Like a multiple - year blood test

Trace metals such as iron, zinc, copper, nickel, mercury, manganese or molybdenum are found in the body in extremely small amounts. They serve a variety of functions, and are consumed through food and drink. The body doesn’t produce these substances on its own. Currently, if for some reason you want to check the trace metal levels in your body, you have to go to the doctor, who will take the centilitres of blood needed for a test, and send them off to be analysed.

But now Kristin Gellein, a PhD student at the Norwegian University of Science and Technology (NTNU), has developed a new and better analytical method to measure trace metals and other elements in the body.

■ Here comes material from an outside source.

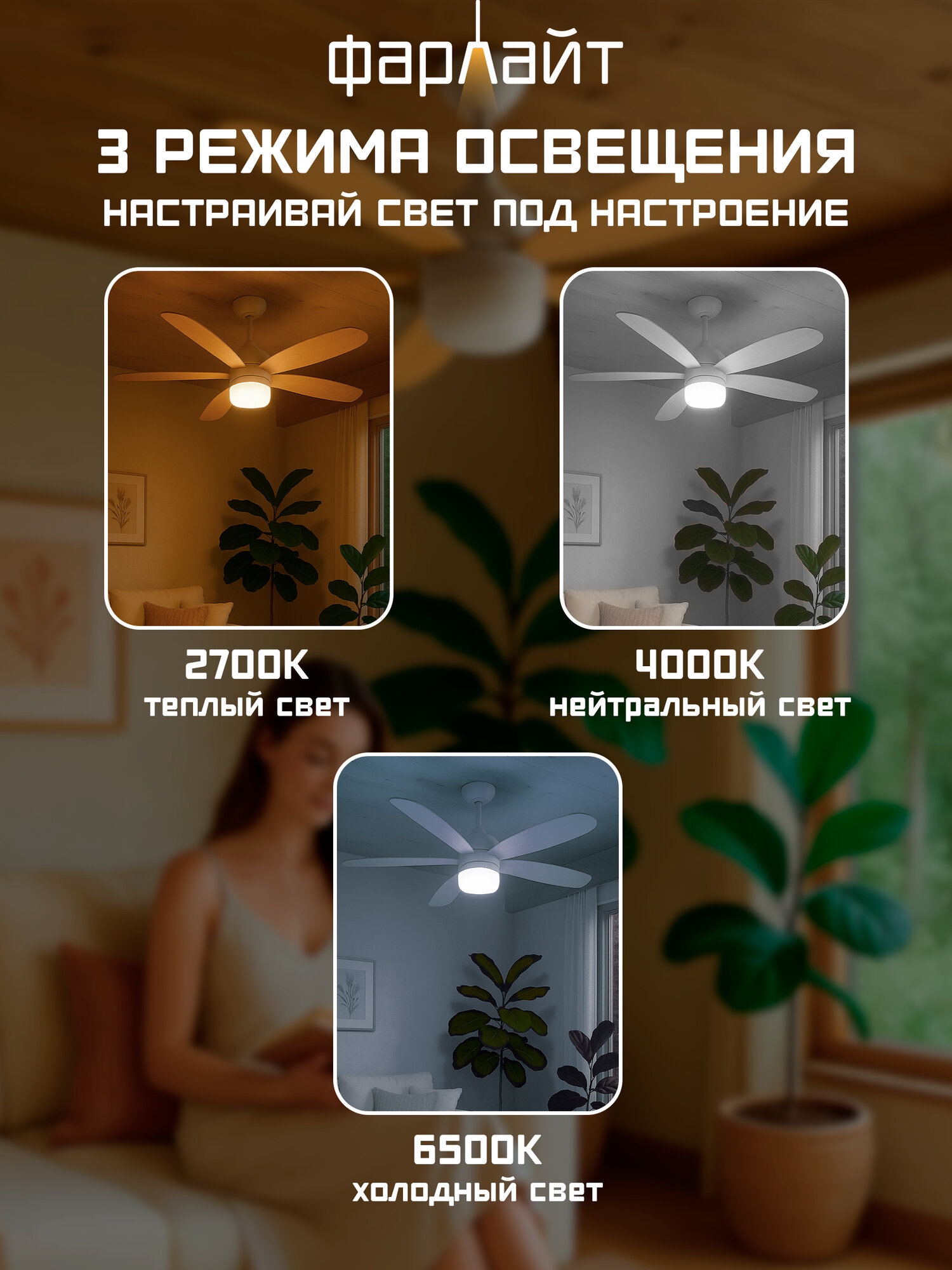 Вентилятор с подсветкой 40 Вт 3 ССТ 2700/4000/6500 K ф520 Е27 дерево с ПУ в комплекте Фарлайт: сравнение цен, характеристики, фото, актуальное наличие и цены.

And all she needs is a tiny little strand of hair. Just one centimetre is enough – from that Gellein can sift out and quantify up to 30 different trace metals.

The significance of Gellein’s test is this: the substances found in hair mirror the substances found in the blood. And because hair grows at a rate of about one centimetre per month, Gellein can conduct a retrospective blood analysis by testing hair centimetre by centimetre. A single strand of hair thus becomes a kind of time machine, allowing Gellein to track a person’s trace metal exposure back in time.

A regular blood test just provides information on a person’s blood levels at the time that the blood test is taken. But an analysis of hair is more like a continuous blood test – and if the strand is long enough, the information it stores can span years.